Once the distance matrix is obtained, identifying the $k$ nearest neighbors of a given point can be done in $\mathcal{O}(k \times n)$. Therefore computing the $k$-nearest neighbors of all points can be done in $\mathcal{O}(k\times n^2)$.

Symmetrizing the notion of neighbors involves checking, for each point $x$, if it belongs to its $k$ neighbors’ neighborhood, each one composed of $k$ points. Checking if an element belongs to an array of size $k$ has a time complexity of $\mathcal{O}(k)$. For a given point $x$ with $k$ neighbors, the symmetrization step has a time complexity of $\mathcal{O}(k^2)$. For the whole dataset, the symmetrization step therefore has a complexity of $\mathcal{O}(n \times k^2)$.

After obtaining the graph, identifying connected components can be done in $\mathcal{O}(n^2)$, for example with a depth-first search algorithm, resulting in at worst $n$ components.

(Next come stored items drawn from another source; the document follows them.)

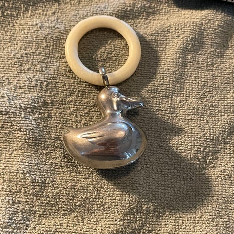 Er litt usikker på om denne er antikk, den er i hvert fall veldig gammel. Jeg har en annen rangle ute også etter familie, den er fra 1918, så kan være antikk. Merker 830S. Bjørnen er ca 4,5 cm, inkludert rangle 9,5 cm.
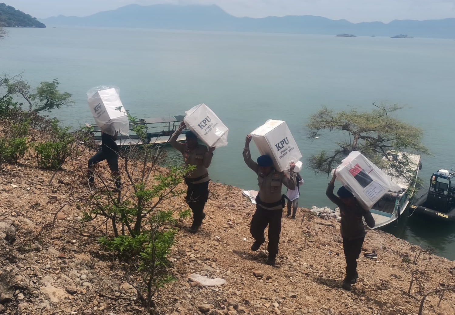 Kota Bima, NTB (13/2) – Polri terus menjalankan perannya sebagai garda terdepan dalam mengawal dan mengamankan proses pendistribusian logistik Pemilihan Umum (Pemilu) di seluruh Indonesia, termasuk di pulau-pulau terluar yang menjadi bagian penting dari negara.
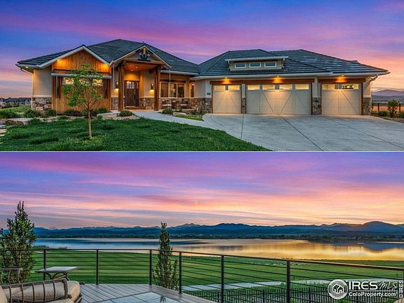 Embrace luxury in this 4-bed, 4-bath TPC Colorado estate with stunning golf course, lake, and mountain views. Step inside to a beautiful pneumatic elevator and open floor plan. Entertain effortlessly in the gourmet kitchen, equipped with an oversized refrigerator, dual ovens, a gas range, and a chic wet bar. The upstairs master suite is a serene retreat, with expansive windows framing rolling fairways, his-and-hers closet, and a spa-like bath with heated floors. The downstairs master offers lake and mountain vistas, a private patio, and a full-size walk-in closet. Outdoors, stadium-style landscaping offers prime views of TPC Colorado's golf tournaments, while the fire pit creates a stylish gathering space. Relax on the pergola-covered hot tub patio, accessible from expansive sun and shade decks or the 4-car garage. Live the TPC Colorado lifestyle with clubhouse access, a resort-style pool with swim-up bar, three reservoirs for boating and fishing, and 8.7 miles of trails. This home sits on just over 1/3 acre and boasts hard to find privacy with plenty of distance between the neighbors. This estate offers year-round luxury and investment potential in Berthoud's thriving market. Schedule a private tour to experience this paradise today!
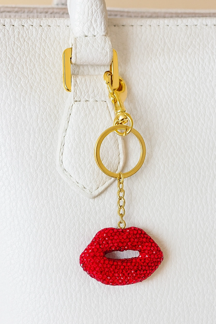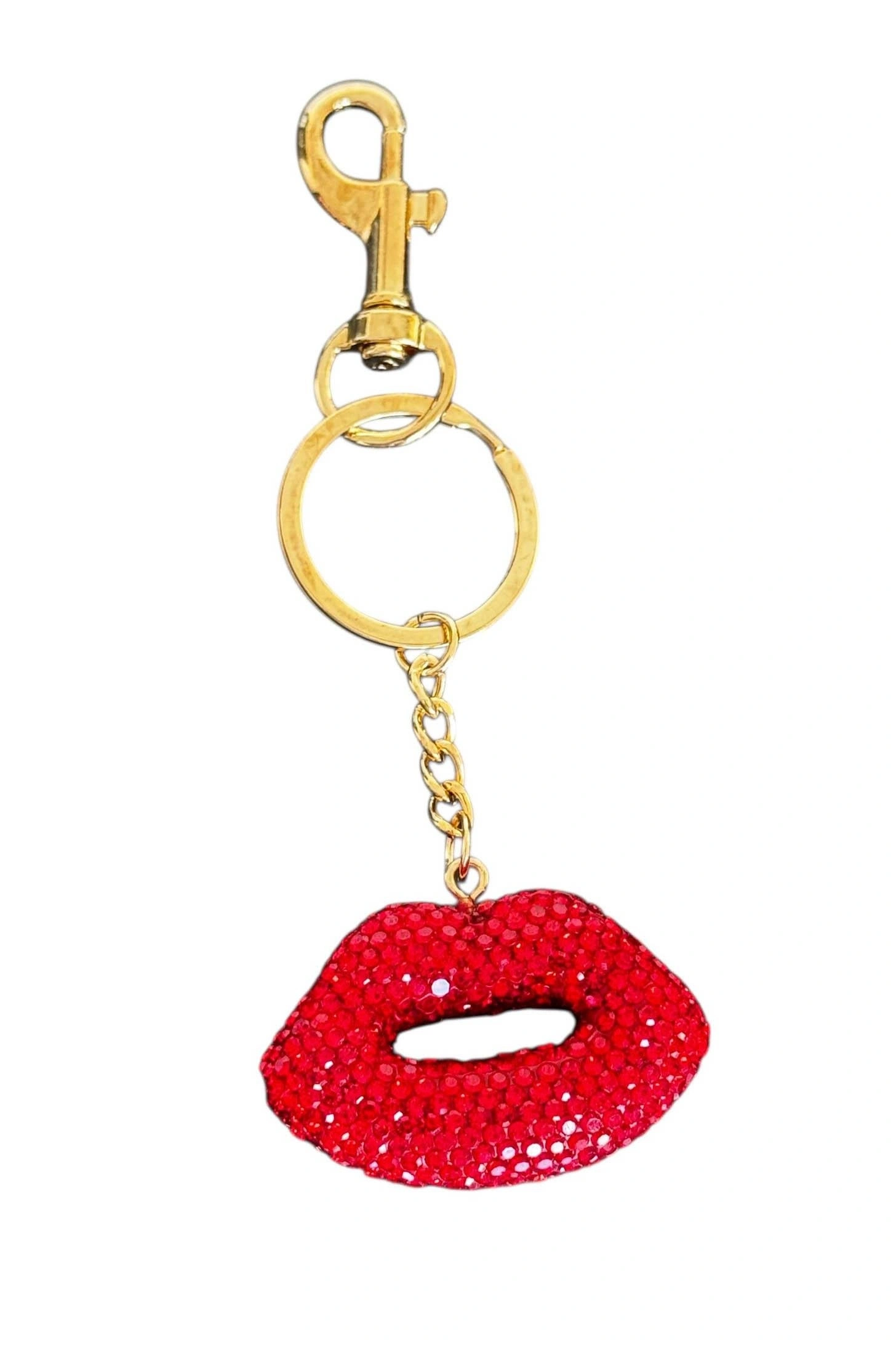 Altın Ve Kırmızı Renk Dudak Figürlü Taş Detaylı Çanta Charm/ Anahtarlık
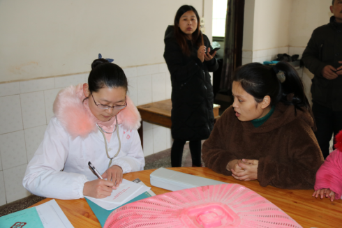 田镇卫生院医护人员为育龄妇女开展健康咨询服务。(洪峰 摄)
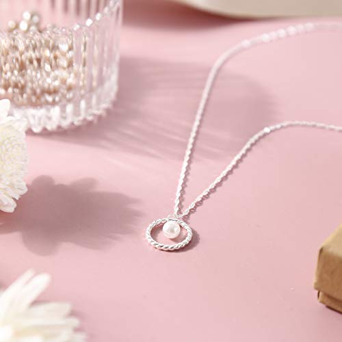 • Unique Design: Sterling Silver Spiral Striped Ring with Small Dainty Pearl Necklace, Both Necklace and Chain are Sterling Silver
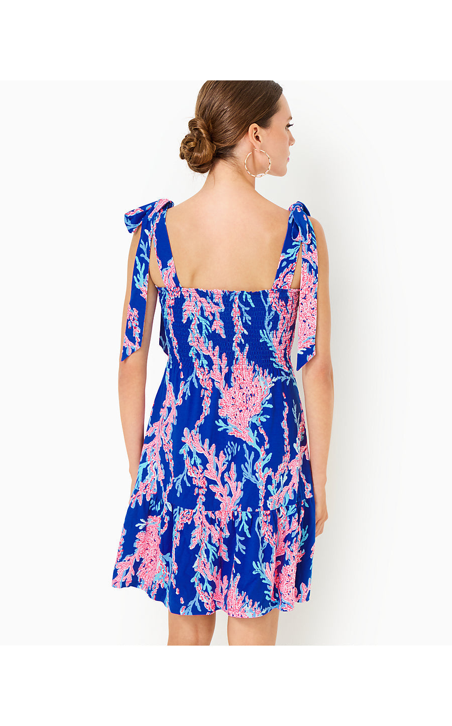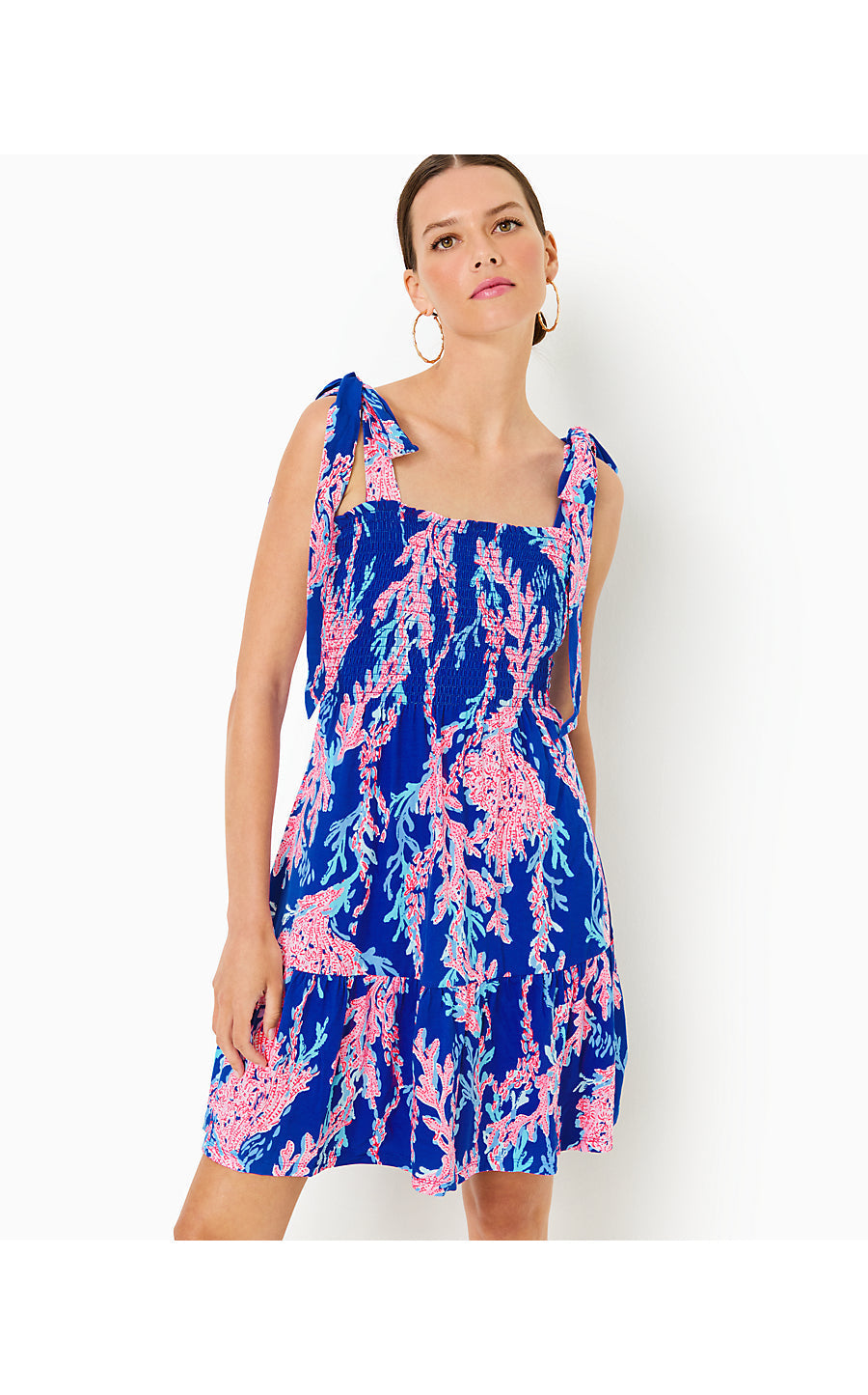 A smocked bodice and ruffled above-the-knee skirt create the fit-and-flare silhouette of our Kailua Dress. This prettily printed jersey style is topped off by functional tie straps.
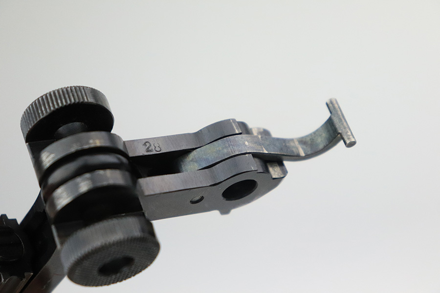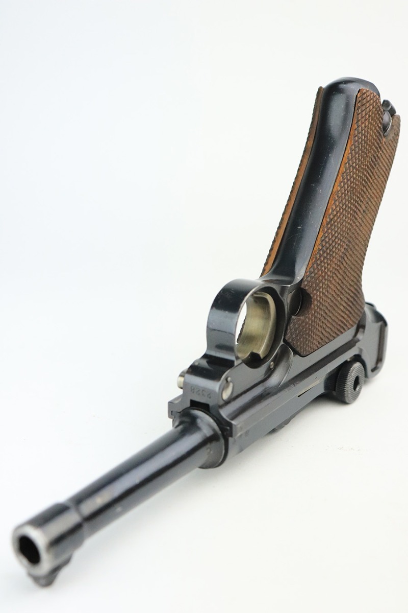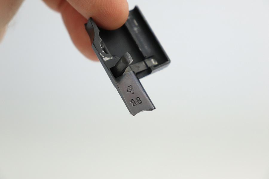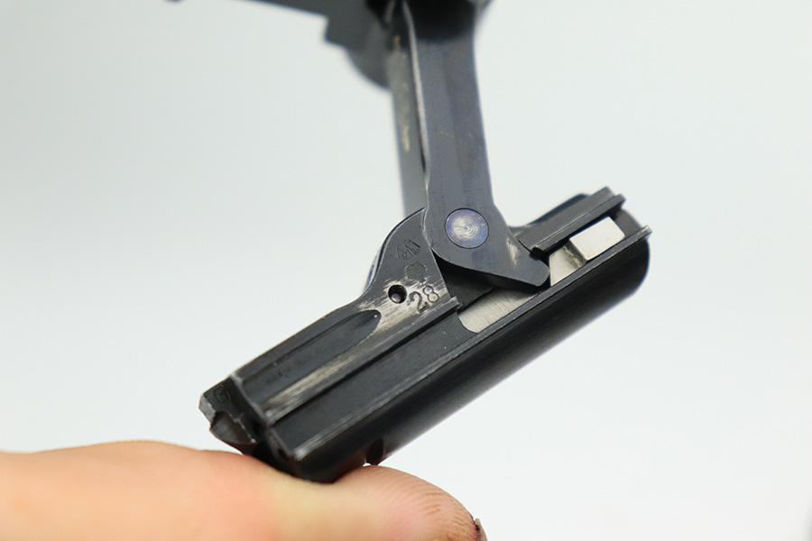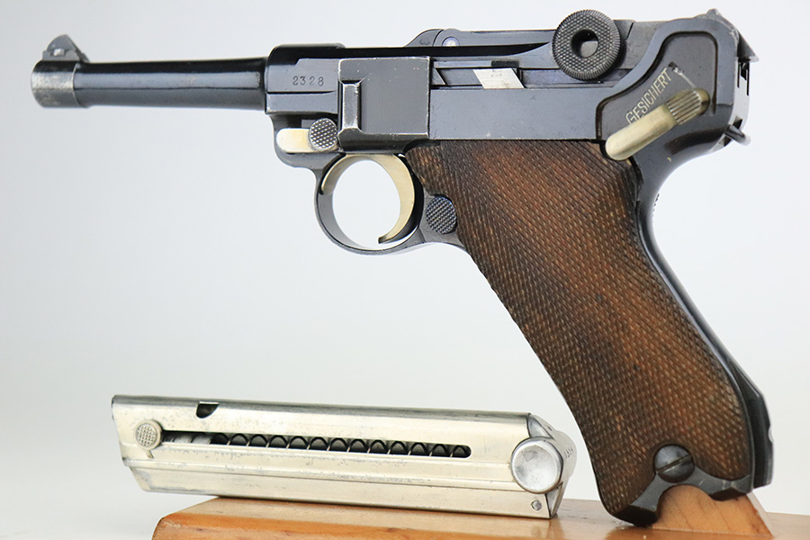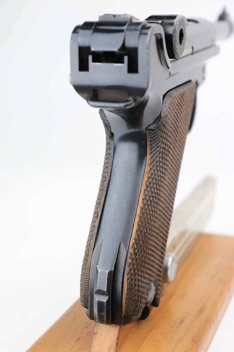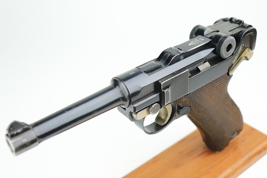 6/28/22 – From 1936, here we have a Krieghoff Luger that is mostly correct, but with a few issues ; and therefore priced accordingly. We have taken this all apart and here is what we found. The frame is Krieghoff made (HK) and correctly serial numbered 2328. It comes with wooden grips, however these are not HK grips even though they are numbered “28” and have spurious HK proofs on them. They are not original to the gun. The take down lever and trigger are correctly numbered 28. The safety lever is not numbered (incorrect). The hold open is not numbered (correct) but also not HK proofed (incorrect). The middle toggle link has the early HK, Suhl logo with #28 on it, which is correct. The rear toggle pin is not numbered (correct). The barrel is not numbered but it is HK proofed (correct). The firing pin and firing pin retailer is not numbered and not HK proofed (incorrect). It is fluted however. Each toggle link is correctly proofed and numbered 28 (correct). The side plate is internally numbered 28 and HK proofed which is most likely correct. However, the trigger bar is blued and it should be white metal. It is also HK proofed which is correct. Finally the magazine is numbered to the gun but the HK proof is too small and therefore I would assume the matching numbers on the magazine were “forced matched”. Very good bore rates about 8 out of 10. While not for the most discerning collector this HK luger might make a nice “place-holder” for someone. The sum of the parts would easily cover the price of the gun.
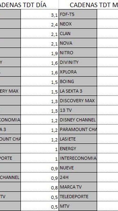 Audiencias TDT y Forta
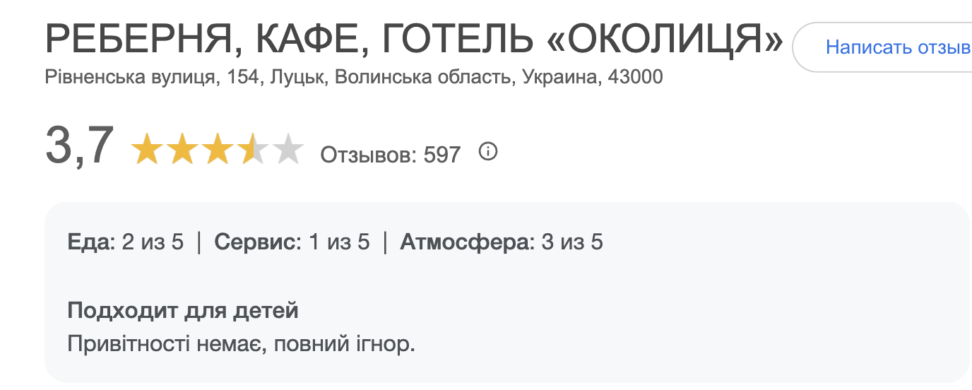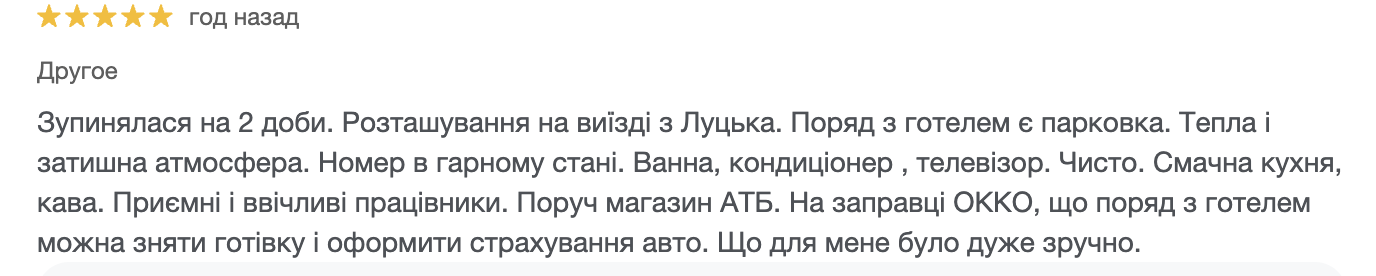 Зауважимо, що відгуки про готель зазвичай позитивні, але якщо відкрити Google-відгуки можна побачити оцінку 3,7 та чимало незадоволених клієнтів. Щоправда, більшість скаржилась на обслуговування у ресторані та якість їжі.

Assuming there are $c$ components, (with $c \geq 2$), with roughly $\frac{n}{c}$ points each (worst case scenario), we need to compute the minimal distances between each pair of components. If we have access to the pairwise distance matrix computed at the first step of the algorithm, which has a space complexity of $\mathcal{O}(n^2)$, the time complexity to retrieve all the distances between two components is $\mathcal{O}((\frac{n}{c})^2 \times t_{access})$ with $t_{access}$ the time needed to access a specific cell in the pairwise distance matrix. If the pairwise distance matrix is not stored, the time complexity becomes $\mathcal{O}((\frac{n}{c})^2 \times t_{distance})$ with $t_{distance}$ the time needed to compute the distance between two points given the ambient metric chosen. Now that we have the pairwise distance of all points between the two components, we keep only the pair of points with minimum distance. Finding this pair of points has a complexity of $\mathcal{O}((\frac{n}{c})^2$. We repeat the previous tasks for the $\mathcal{O}(c^2)$ pair of components, which takes $\mathcal{O}(c^2 \times ((\frac{n}{c})^2 + (\frac{n}{c})^2 \times t_{distance})$ which writes $\mathcal{O}(n^2 * (1+t))$ with $t \in \{t_{access},t_{distance}\}$. In our naive implementation, we connect the $c$ component by picking the $c-1$ pair of points in a specific manner and by adding an associated connecting edge in the graph.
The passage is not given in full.